Amidst the turbulence and even violence of the civil rights movement of the 1950s and ’60s, the Selma RP Church faithfully practiced what it preached—trusting God as sovereign over the nation, ministering to the poor and neglected, seeking reconciliation with all who would listen. Pastors such as Claude Brown gained such respect among Black and white leaders that he was able to converse and work even with leaders on opposing sides of entrenched issues.

Pastor Brown was one of the pastors who united to ask Dr. Martin Luther King, Jr., to visit Selma, and Pastor Brown was one of those who met with Dr. King when he arrived for a planning meeting. Prior to the historic Selma-to-Montgomery five-day civil rights march, there were confrontations of protesters and marchers with police. Though eyewitness accounts differ, most of the protests and marches appeared to be peaceful, in accord with Dr. King’s principle of nonviolent protest. Scores of protesters were jailed, however. Many were arrested for the smallest of infractions, such as driving with a burned-out license-plate bulb or failing to produce identification.

Several members of the Selma RP Church, some of them high school students, were rounded up during those marches and taken to jail. They were not permitted to make phone calls, even to get a message to loved ones to assure them that they were alive. Pastor Brown, because of his reputation in the town, was given free access to the prisoners and thus was able to bring food and toiletries and to send messages.
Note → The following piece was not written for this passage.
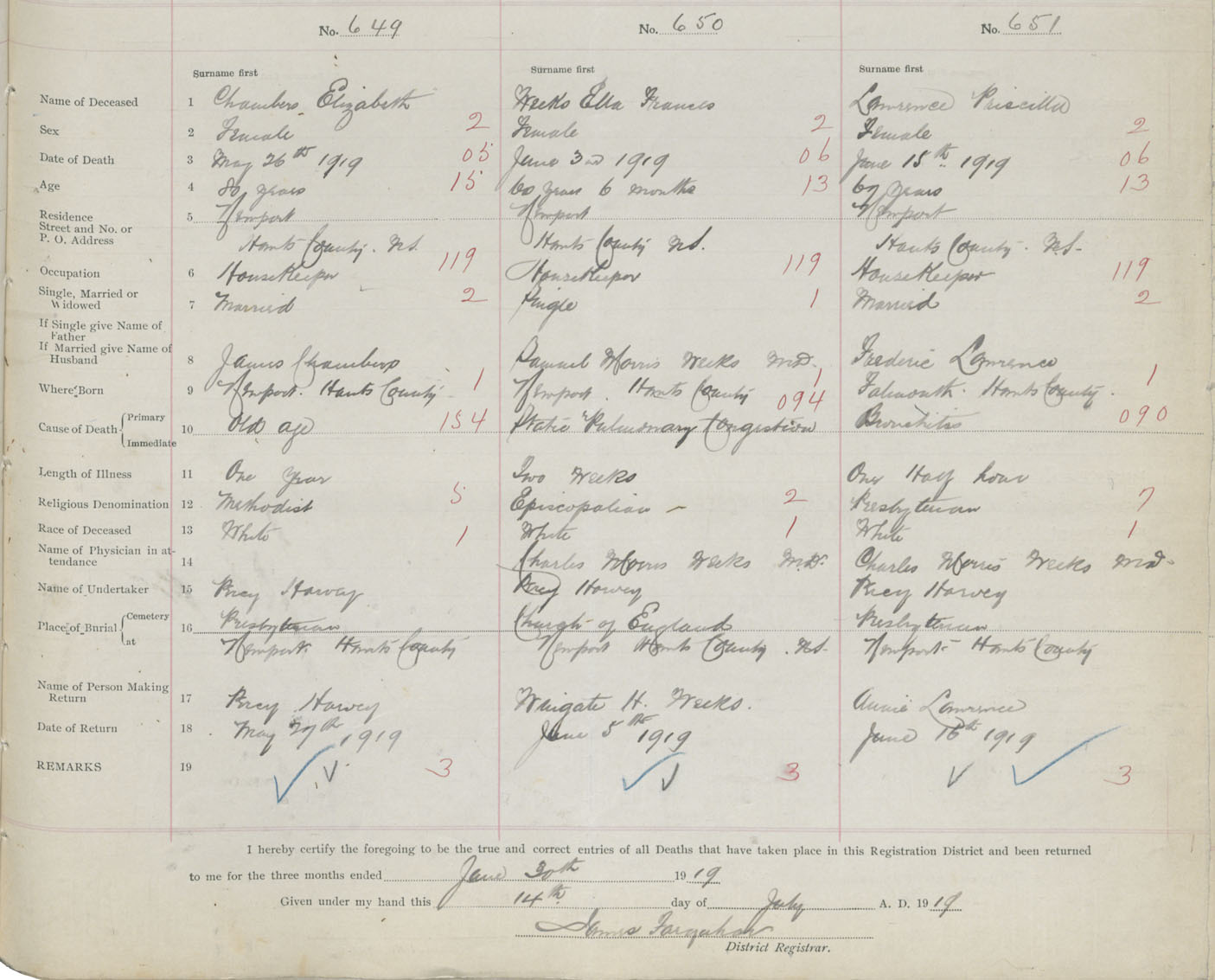 Female Death Registration: Year: 1919 book: 35 page: 589 number: 651

During this time only one group of whites was formed in Selma to join with the Blacks in their protests, and that group met in the Selma RP Church building. Some Reformed Presbyterians flew down from the North to join the marchers for the march to Selma.

Looking Back and Ahead

Today when most people think of Selma, they look back. The Selma RP Church has cooperated with the interest in civil rights history. Its old building looks much like it did when freed slaves worshiped there. Now tours sometimes come through the building, with tourists learning of the church’s place in the history books. Soon the former manse will be converted to a church museum to give a clearer picture of what happened and why.

Members of the Selma RPC see all this as an opportunity. It’s an opportunity to explain why a small church denomination primarily from the North cared about Black slaves and Black freedmen when it was an unpopular cause. It’s an opportunity to demonstrate that the basis for the belief in human rights and freedoms came not merely from the U.S. Constitution but from principles of a sovereign Creator, one who directs our lives even today.

With a new pastor, new young people, and a new vigor to its vision, the Selma Reformed Presbyterian Church quietly teaches and preaches, offering a helping hand to the uneducated, the poor and outcast, to AIDS victims and drug addicts. It has a vision to begin to provide seminary training so that Reformed Black leaders can continue their biblical education.

With their quiet faithfulness to God’s Word and trust in His direction of their lives, when the next march of history steps through Selma, church members will already have paved the way.

—Drew Gordon

Drew is editor of the Witness. The editor would like to thank all those who contributed information and photos for this issue, especially the members of the Selma, Ala., RPC.